What if manmade constructions can become mediators between human activities and natural landscapes, complex historical and cultural conflicts...?




Tokyo Student Summer Seminar: 1*3 - free-stand prepressed structure
Designer within a 6-persons group / 2017
We start from a simple mechanic system that three bars can stand on the ground once they're bounded by a ring, and gradually came up with an arch form, an intriguing bar structure that can easily be assembled.

Resilience @ OLIN
Researcher within a 4-persons group/ 2024
Intern designers at OLIN collectively edited a report about contemporary definition and application of "resilience planning and design". The 2-month project includes conducting research of legacy projects, holding workshops, and having discussions with the whole office's designers and partners.

Cement Age / Concrete Nation Forum, Fisher Fine Arts Library, UPenn
Selected studio work / 2024
The conference organized by Professor Frank Matero focuses on the history and revolution of cement and concrete within the United States.
My studio work was selected for its creativity at the former Portland Cement limestone quarry.

Baywatch: Mediated Coastal Environments
Researcher within a 4-persons group/ 2024
The design-research project led by Professor Keith Vandersys uses both physical and digital tools to simulate the sedimentation, flow dynamics, and sea level rise.

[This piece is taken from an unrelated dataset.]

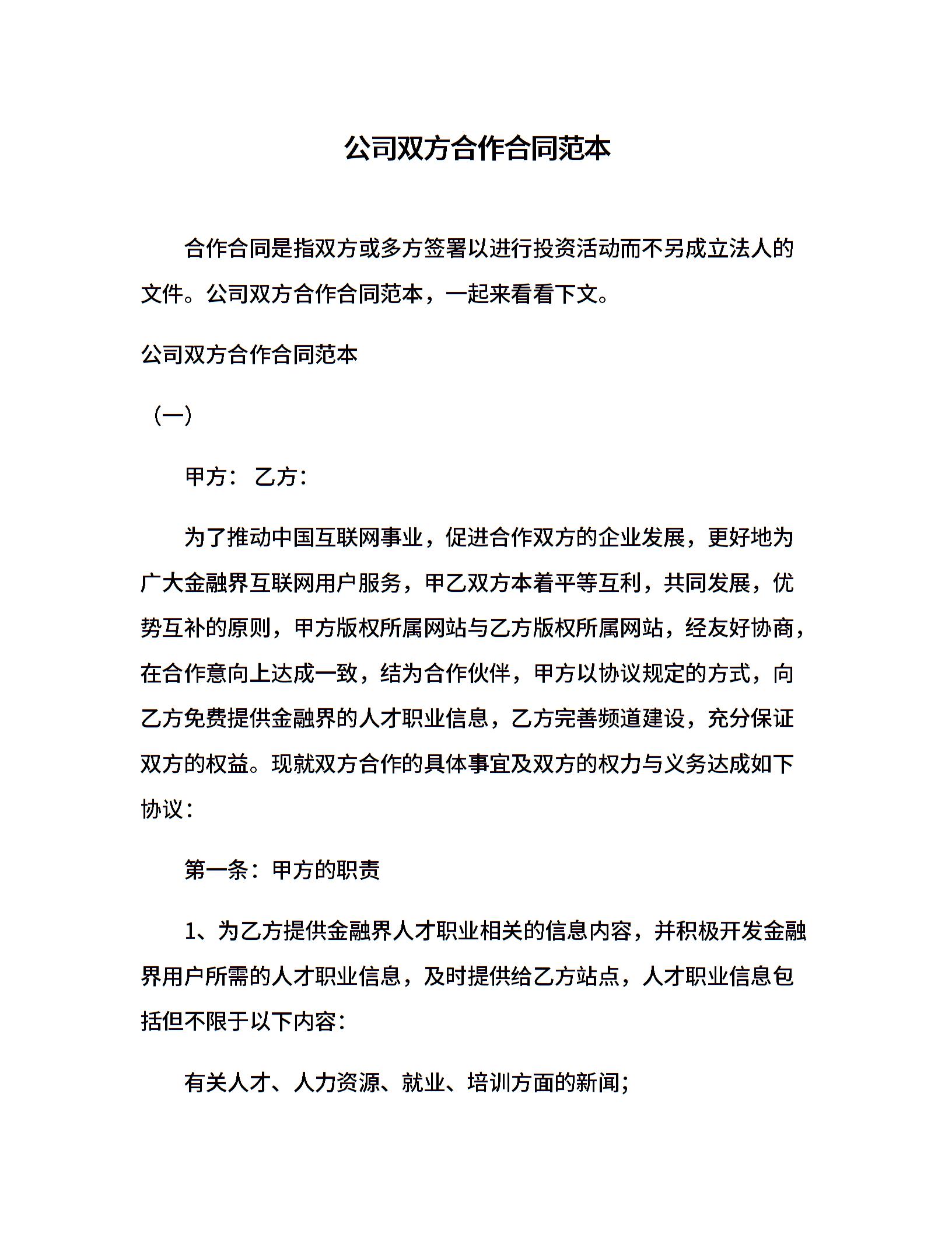 当前位置:量子办公 > 合同模板 > 合作合同 >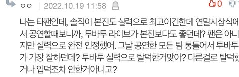 얘네 꼭 타 팬인데로 시작해서 인증도 못하더라 이렇게 말하는 타팬이 어디있는데ㅋㅋ

I was collaborating with group members to design retention strategies for protecting terrapine habitats in Maurice Bay, New Jersey.

UPenn
Core Studio 601+602
Teaching Assistant / 2024-2025
I was invited and selected as TA to assist students' works on regional research, design process, and production. I really enjoy the process of understanding the students' struggles, clarifying their thoughts, and collaboratively finding alternative solutions to their projects.

Above the Cloud》
Author and Editor / 2018 (published)
The photography diary includes site-specific records and my thoughts about architecture and splendid landscapes during my internship in Yunnan, China. After I published the diary, I also held several lectures to share my personal experiences and images with my classmates, school faculties, and the public.